First, in the immortal words of Paul Hardcastle: 19.

Rocketman, like comic books, is assembled by the Raketen-Stadt in order to serve Their designs. When he no longer serves Their ends, They dismantle him. But fragments of him survive in Pynchon‘s text. No one who reads Gravity’s Rainbow will forget the legend of Rocketman, the greatest preterite super-hero of the postmodern world. For a moment, he defied Their will and fought for truth, justice, and the Pynchon way.

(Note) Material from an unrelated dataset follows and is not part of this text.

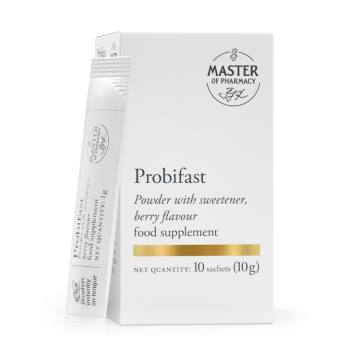Master Of Pharmacy Probifast je prehransko dopolnilo na osnovi mikroorganizmov z vitaminom D in jagodičevjem za podporo imunskemu sistemu. Prašek s sladilom.

—H. Brenton Stevens, “‘Look! Up in the Sky! It’s a Bird! It’s a Plane! It’s . . . Rocketman!’: Pynchon’s Comic Book Mythology in Gravity’s Rainbow

I haven’t actually done more than skim that essay yet, by the way, as I am currently nearing the halfway mark in Gravity’s Rainbow, and don’t want to spoil things for myself. From a cursory perusal, it looks like Stevens may miss or downplay some of the subtler comic-book connections going on, such as the repeated Plastic Man references, but more knowledgeable others (and a future me) are better positioned to determine that. I will say that at this point I better understand why Thomas Pynchon tapped Frank Miller for the cover, a move that no longer seems intentionally perverse, but rather extremely apt—I just wish Miller hadn’t ultimately turned in such a relatively restrained image.

And now, 20:

At first I was read to. My grandfather had taught Greek and Latin at Columbia, and he read to me from a book that had abbreviated versions of The Odyssey and The Iliad—plus a lot of classic fairy tales, which, as you know, are extremely disturbing. Then I began reading on my own. I read mostly Westerns. My parents approved of that, because at least they were books. But when I got into comic books, they disapproved. I would read them by flashlight under the covers. No one realized in those days that 1930s Action Comics and DC Comics, Superman and Batman, would become legendary in American culture. They taught me a great deal about narrative—lots of invention and no pretense of realism.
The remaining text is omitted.